Noir vs Tarantino
Baru-baru ini saya terlibat dalam perdebatan di tempat lain tentang film-film Quentin Tarantino, yang tidak saya sukai, karena saya menganggapnya jelek dan fasis karena kekerasannya, kebencian terhadap wanita, dan kepeduliannya terhadap sisi kumuh Amerika kontemporer.
Namun, yang lain, berpuisi liris tentang “visinya”, “keindahan” dialognya, dan penemuan kembali teknisnya terhadap genre eksploitasi tahun 70-an. Perspektif ini dibenarkan dengan menggunakan bahasa dan pengetahuan yang tinggi.
Apa hubungannya ini dengan film noir? Ya, ini tentang film, mengapa film dibuat, dan apa yang membuatnya bernilai.
Film pada dasarnya adalah hiburan, film Hollywood, dan komoditas yang diproduksi untuk keuntungan. Entah bagaimana, usaha ini telah menghasilkan dan terus menghasilkan film yang tidak hanya memiliki daya tarik yang luas tetapi juga bernilai sebagai karya seni pada tingkat yang lebih rendah atau lebih tinggi.
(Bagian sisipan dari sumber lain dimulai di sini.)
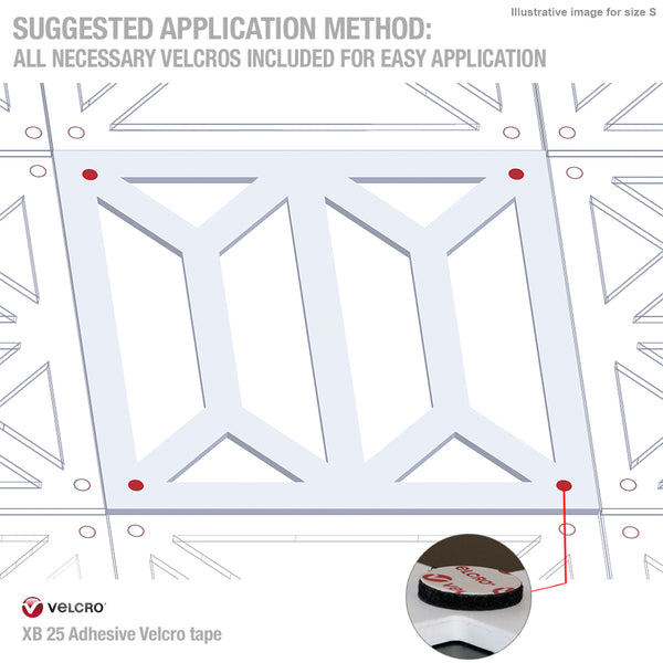 This product includes hook-and-loop fastener dots for easy application. You may also apply this product with nail glue, double-sided tape, silicone, or stainless steel nail. In case of doubt about which type of glue works better on your wall, we suggest you contact your local hardware store.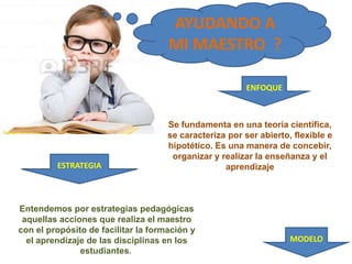 Este documento presenta una discusión sobre diferentes modelos pedagógicos como el modelo instruccional, el modelo activista, y modelos contemporáneos. También describe los componentes clave de un modelo pedagógico como métodos, contenidos, desarrollo, meta e intención, y la relación maestro-alumno. Además, identifica a autores como Julián de Zubiría y Rafael Florez y sus contribuciones al estudio de los modelos pedagógicos. Finalmente, presenta ejemplos concretos de modelos como el modelo pedag
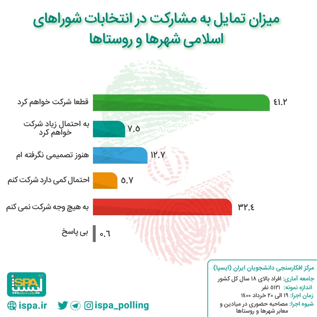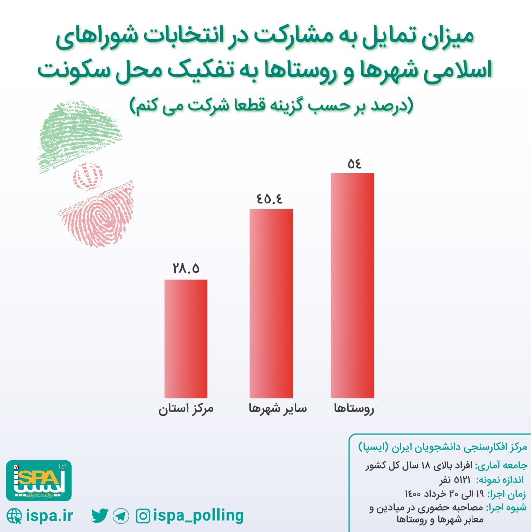 تمایل به مشارکت قطعی در انتخابات شوراهای اسلامی در مراکز استان‌ها ۲۸.۵ درصد، در سایر شهرها ۴۵.۴ درصد و در روستاها ۵۴ درصد است.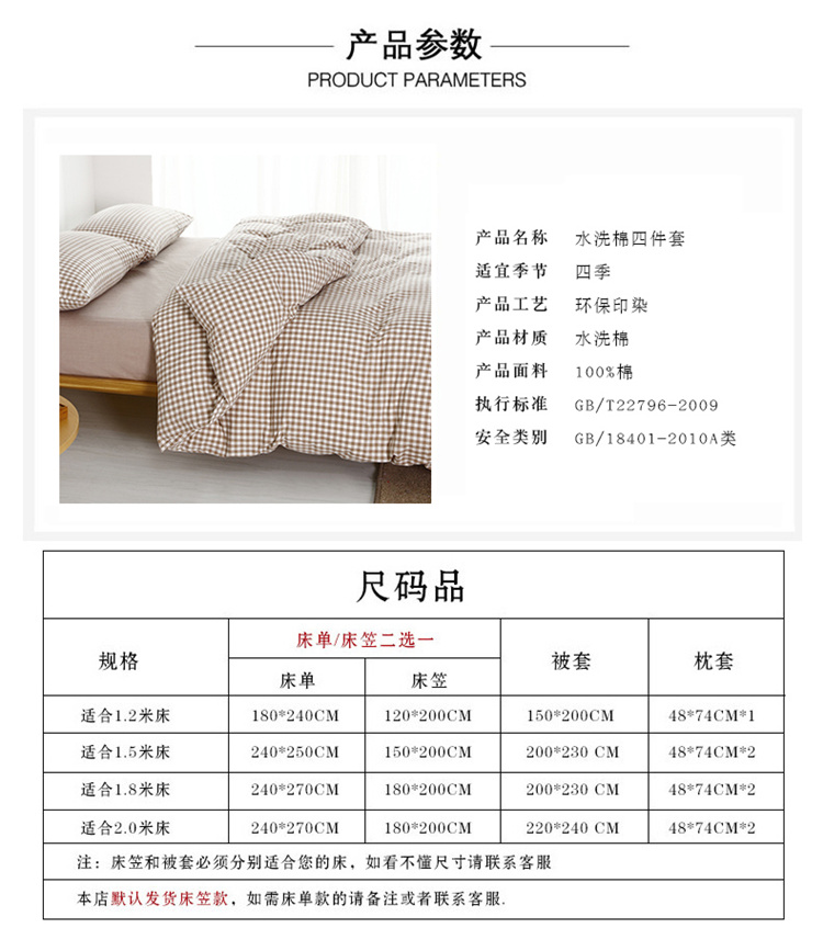 商品名称:玖玖爱家纺 水洗棉四件套床笠款 米小格
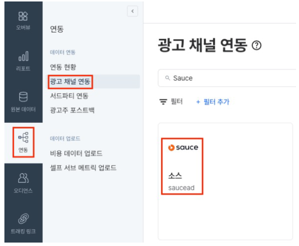 STEP 1. Airbridge에 접속해서 연동 > 광고 채널 연동 > Sauce를 검색합니다.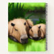 Add a touch of whimsy to your journaling entries with this funny notebook, which features AI-generated artwork of a mother capybara and one of her offspring indulging in a siesta in the sunlit grass by a river. Reverse shows identical design.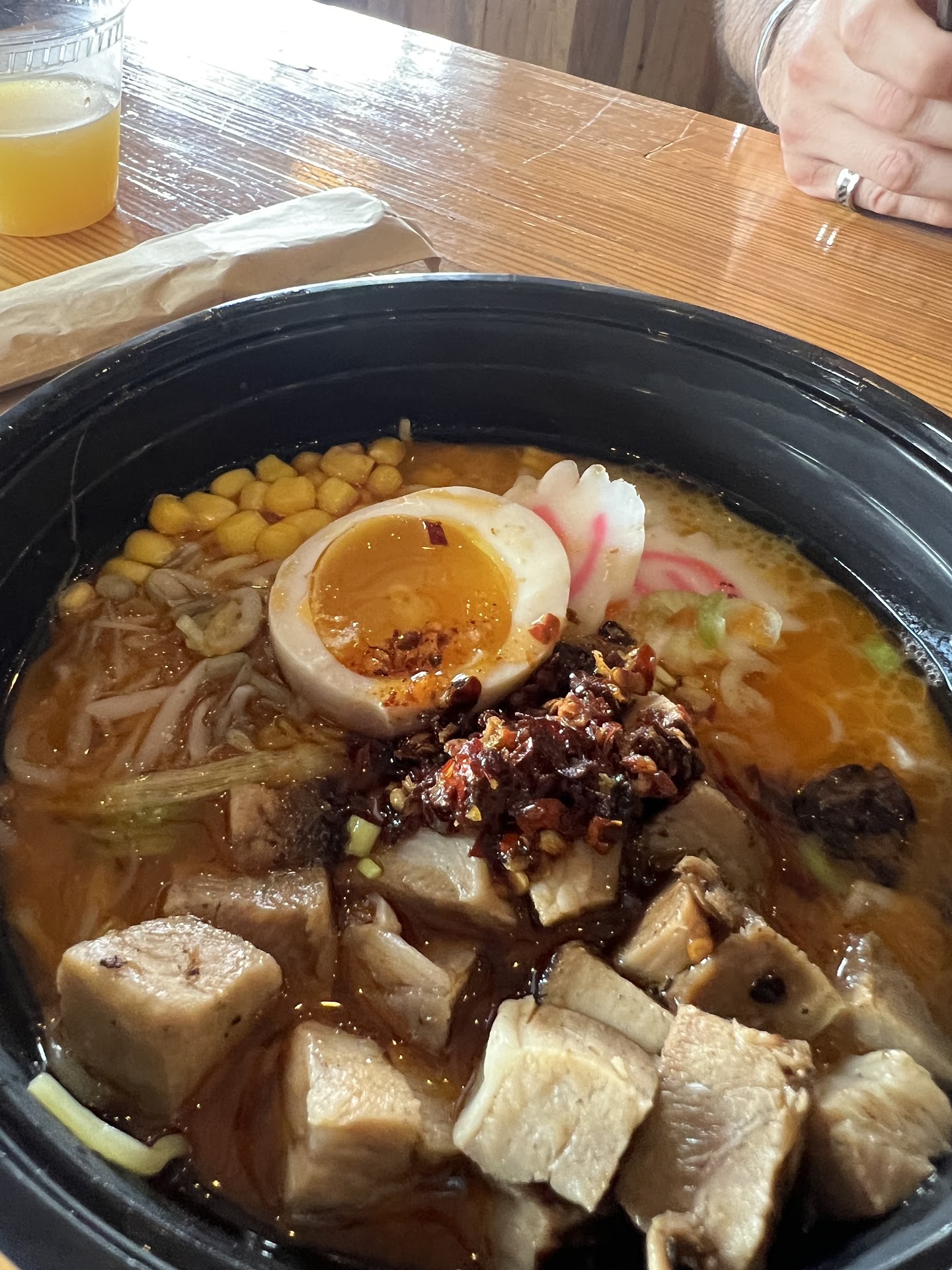 Read moreThe Vegan Ramen was very good! It was so nice having a gluten free noodle and vegan option, I haven’t been able to find a ramen place with these options before. My only complaint is how little there were toppings. I could count the bean sprouts, the corn, and everything that was a topping unfortunately. I saw the reviews and noticed that maybe they give less for to go orders. The broth was super tasty and so was the protein I added. Amanda placed my order and she did not fall short of amazing! She was super knowledgeable and helped me make sure everything was to my dietary standard and gave me the BEST recommendations. It was a little pricey for what it was (lack of toppings is making me salty haha) but the portion size was great especially for take out! I am very pleased and also stuff. I...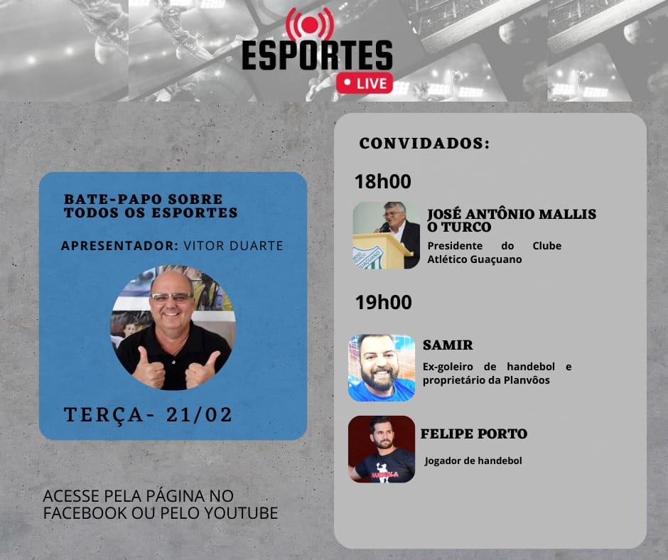 Nesta terça feira, dia 21, a partir das 18 horas tem ESPORTES LIVE na página da RÁDIO RVD no face e pelo Canal da RÁDIO RVD WEB no You Tube. O primeiro bate papo será com o Turco, Presidente do Guaçuano(SP), e na sequência teremos Samir e Felipe Porto, falando sobre handebol.

Film-film noir yang hebat memiliki daya tarik populer dan nilai artistik karena temanya membahas kondisi manusia dan kelemahan kehidupan normal, yang setiap saat dapat terjerumus ke dalam jurang kekacauan, melalui kebetulan atau tindakan individu – tidak bersalah atau tidak. Bagaimana ambivalensi moral, nafsu, cinta, dan keserakahan dapat menghancurkan kehidupan dieksplorasi di luar realisme romantis yang tertutup dari film-film arus utama.
Apa yang ditawarkan film-film Tarantino selain daya tarik bagi sekelompok penggemar yang lebih mengutamakan teknik daripada konten? Kekerasan, kriminalitas, dan kehinaan sebagai gaya urban yang keren.